Theory of Singularities and Real and Complex Algebraic Geometry

Equisingular approximability of real and complex analytic singularities

I am interested in the question of whether real and complex analytic singularities can be approximated by algebraic singularities in such a way that that preserves essential properties connected to the resolution of singularities. I have shown that an arbitrary real or complex analytic singularity can be approximated up to an arbitrary degree by algebraic singularities that have the same Hilbert-Samuel function and preserve other algebro-geometric properties of interest such as the Cohen-Macaulay type, and the equivalence class under local homeomorphisms. The Hilbert-Samuel function is a measure of singularity and is used in the resolution of singularities. Currently I am trying to show if such an approximation can be found which preserves these properties throughout a given resolution tower.

Publications:

  1. A. Patel. Algebraic approximation of Cohen-Macaulay algebras. J. Algebra 625: 66-81, 2023.

  2. A. Patel. Finite determinacy and approximation of flat maps. Proc. Amer. Math. Soc., 151(1):201–213, 2023.

  3. J. Adamus, A. Patel. Equisingular algebraic approximation of real and complex analytic germs. J. Singul. 20:289-310, 2020.

Locally bounded rational functions and continuous rational functions on singular domains.

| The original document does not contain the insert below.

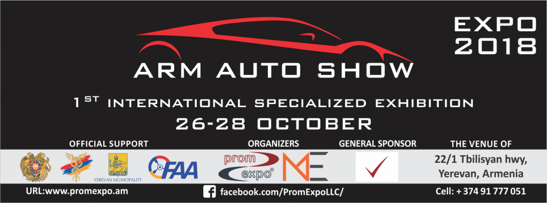 Arm Auto Show Expo 2018 Сентябрь 26, 2018 https://www.promexpo.am/exhibition.php?ex=auto Подробная информация Начало Октябрь 26, 2018 Конец Октябрь 28, 2018 Категория Выставки

Rational continuous functions on singular real algebraic varieties have various interesting properties. In particular a continuous rational function defined on a singular real algebraic set can become non-rational when restricted to a subvariety contained in the singular locus. There is a natural link between this class of functions and the class of locally bounded rational functions as any continuous rational function on a singular real algebraic variety can be exteded to a locally bounded rational function on the ambient space. The behaviour of locally bounded rational functions on singular real algebraic varieties is currently an open area of research which has the potential of revealing much interesting behaviour.



Applied Numerical Linear Algebra

Parallel preconditioning for iterative methods for the solution of large and sparse linear systems

I work on developing parallel and asynchronous algorithms for the construction of preconditioners for iterative methods for the solution of large and sparse linear systems. Given that we are in the era of exa-scale computing where modern supercomputers have thousands of cores, the need for parallel algorithms for preconditioning for the solution of large and sparse linear systems has become more urgent as these form the core of solver packages for problems arising from many application domains. One of the challenges in developing such algorithms for modern supercomputers is the cost of communication and synchronization. This is the main motivation of my interest in asynchronous and communication avoiding parallel algorithms for preconditioning.

Publications:

  1. E. Chow, A. Patel. Fine-grained parallel incomplete LU factorization. SIAM journal on Scientific Computing 37.2: C169–C193, 2015.

  2. A. Patel, E. Boman, S. Rajamanickam, E. Chow. Cross Platform Fine Grained ILU and ILDL Factorizations Using Kokkos. Center for Computing Research Summer Proceedings (2015), A.M. Bradley and M.L. Parks, eds., Technical Report SAND2016-0830R, Sandia National Laboratories, pp. 159-177, 2015

Applications of High Performance computing to scientific computing

I am also interested in the application of HPC to scientific computing problems arising from application domains. One of my previous projects (at Georgia Tech) involved the parallelization of the Hartree-Fock method of computational quantum chemistry. The emphasis was on the development of a parallel algorithm and implementation for distributed memory targeted at large supercomputers.

Publications:

  1. X. Liu, A. Patel, and E. Chow. A new scalable parallel algorithm for Fock matrix construction. IEEE 28th international parallel and distributed processing symposium (IPDPS), 2014.